Unifying theory and applications
Our contention here is that the goal of global integration is still, if not more, of an essential importance, but that cybernetics has a number of lessons to learn from its more specialised applications. Whereas cybernetics aims to unify science, it is in itself not unified. Instead of looking down on practical applications, it should try to understand how those applications can help cyberneticians in their task of unifying science, and first of all unifying cybernetics. It should look upon them as tools, that can be used for tasks that may extend much further than the ones they were originally designed for.
Where the theory of cybernetics can be enriched by its applications, we may similarly expect that the applications will be enriched by a closer contact with the general theory from which they originated. There is now already a trend in many of those fashionable approaches such as expert systems design, robotics, man-machine communication, etc., to acknowledge the limitations of their specific paradigm, and to look back to a broader, "cybernetical" framework for inspiration on how to overcome them. In conclusion, what we are arguing for is a cross-fertilization between cybernetics and its various recently fashionable applications.

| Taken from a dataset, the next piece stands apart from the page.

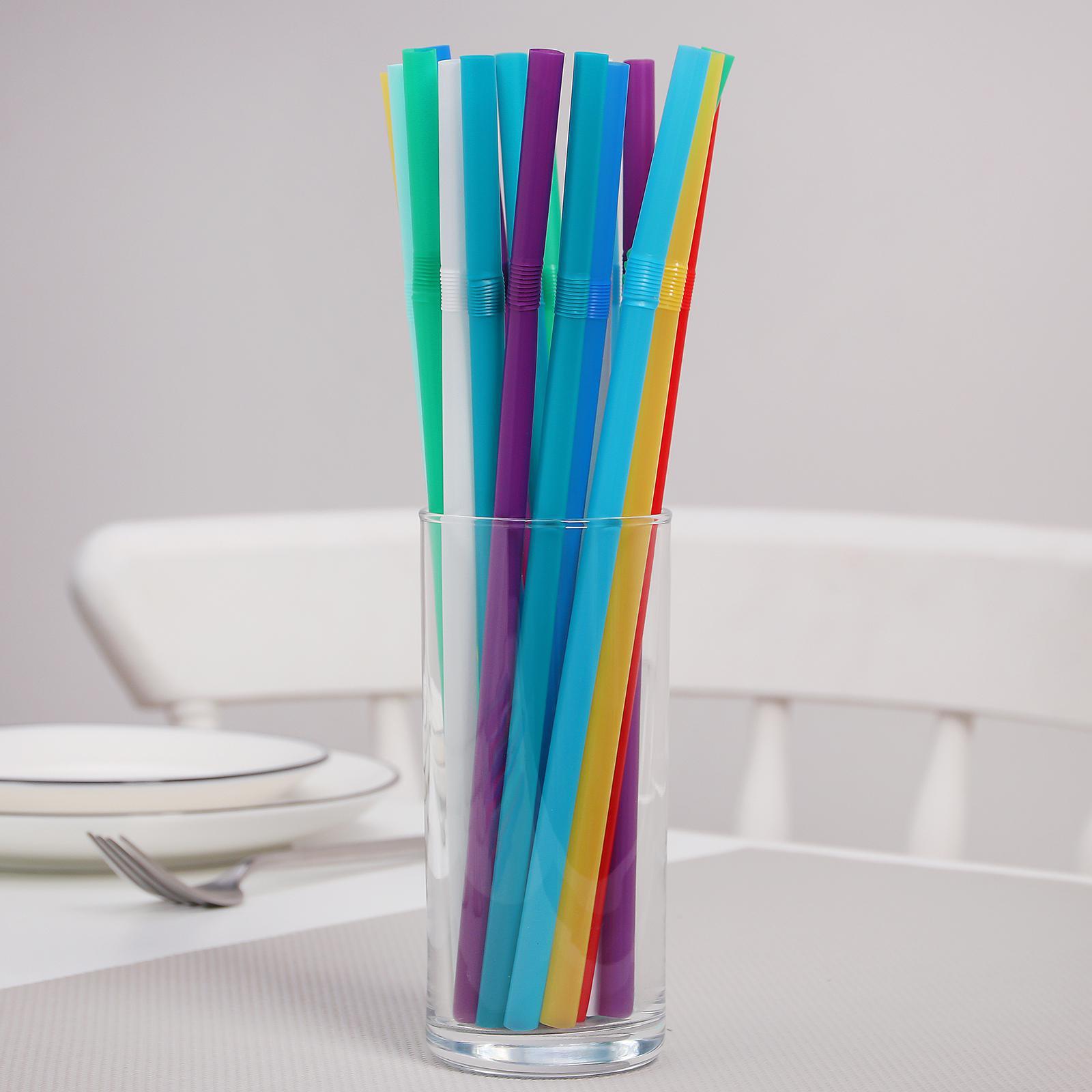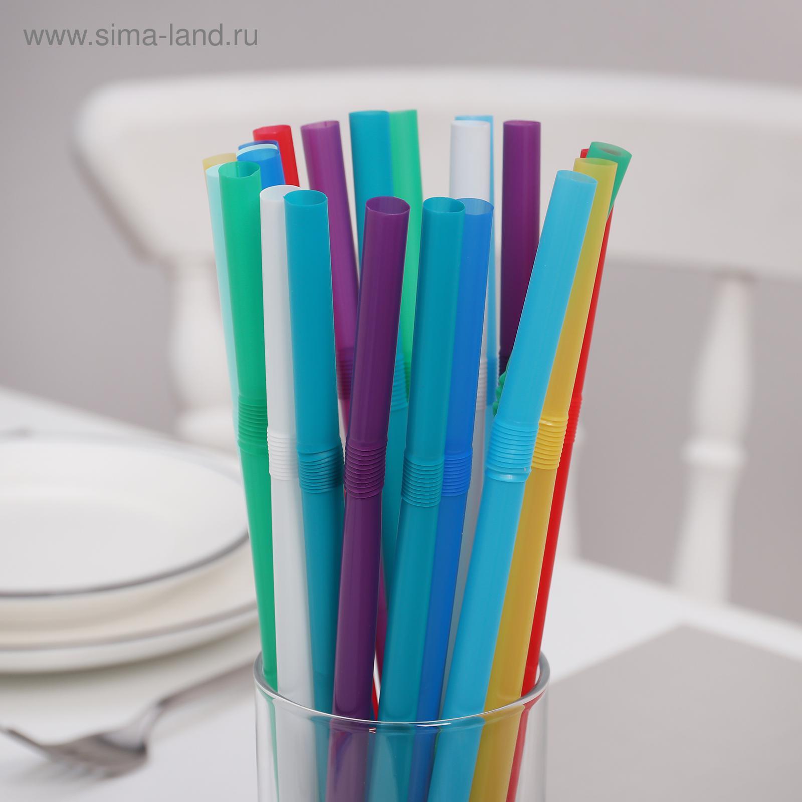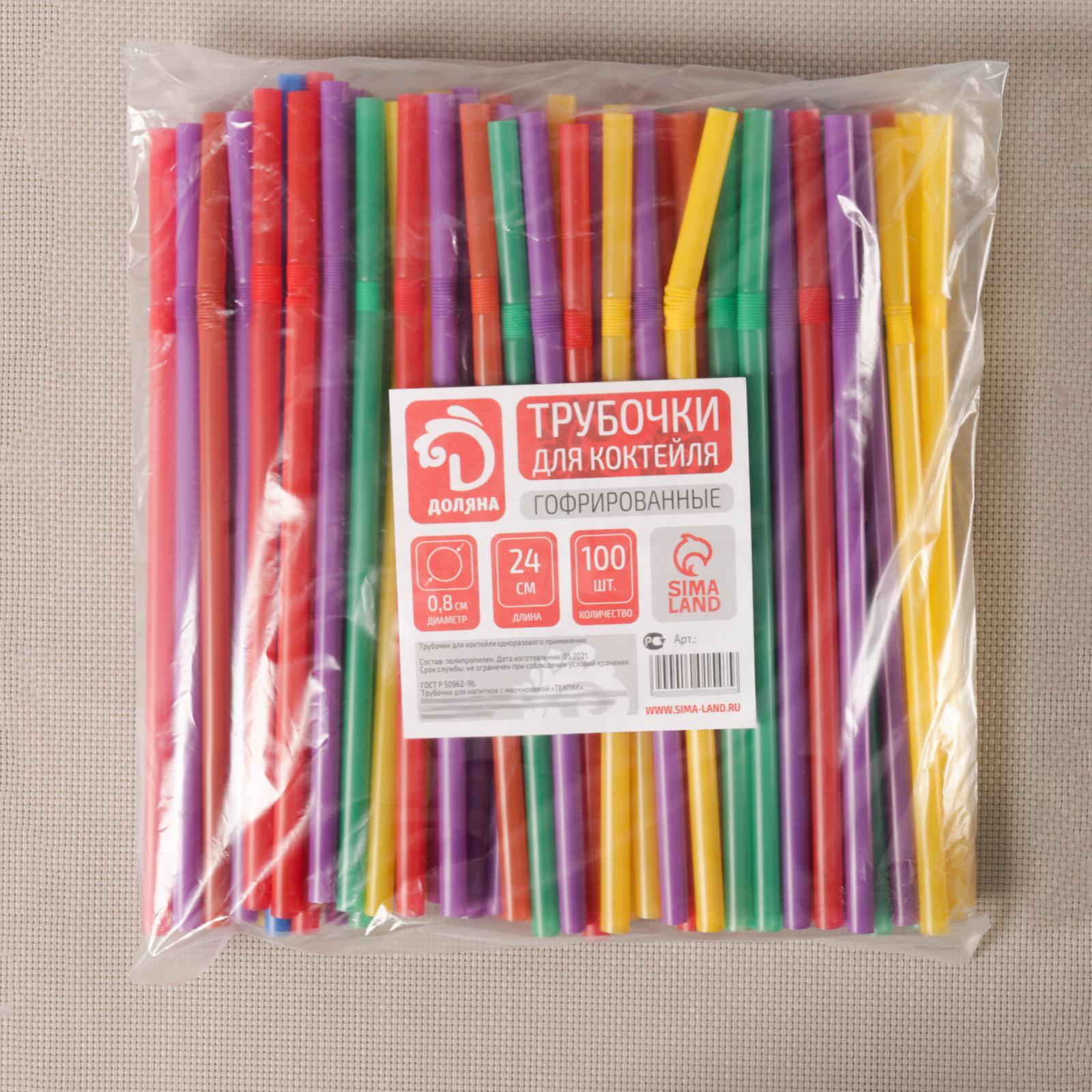 Трубочки одноразовые для коктейля доляна, 0,8x24 см, 100 шт, с гофрой, цвет микс

The reason we believe that the time is ripe for such an approach is that both cybernetics and its applications have reached a sufficient level of maturity that it seems realistic to integrate them in practice. The present situation in cybernetics may be compared with the situation in Mathematics at the end of the previous century. What cybernetics needs is support for coping with the practical complexity of its problem domain, and a concrete filling in of some of the main "slots" in its empty framework. What the applications need is a framework in which they can be fitted, brought into contact, and situated the one with respect to the other. This should bring cybernetics back into contact with reality, and help it to succeed in its overall goal of integrating the different systems of thought.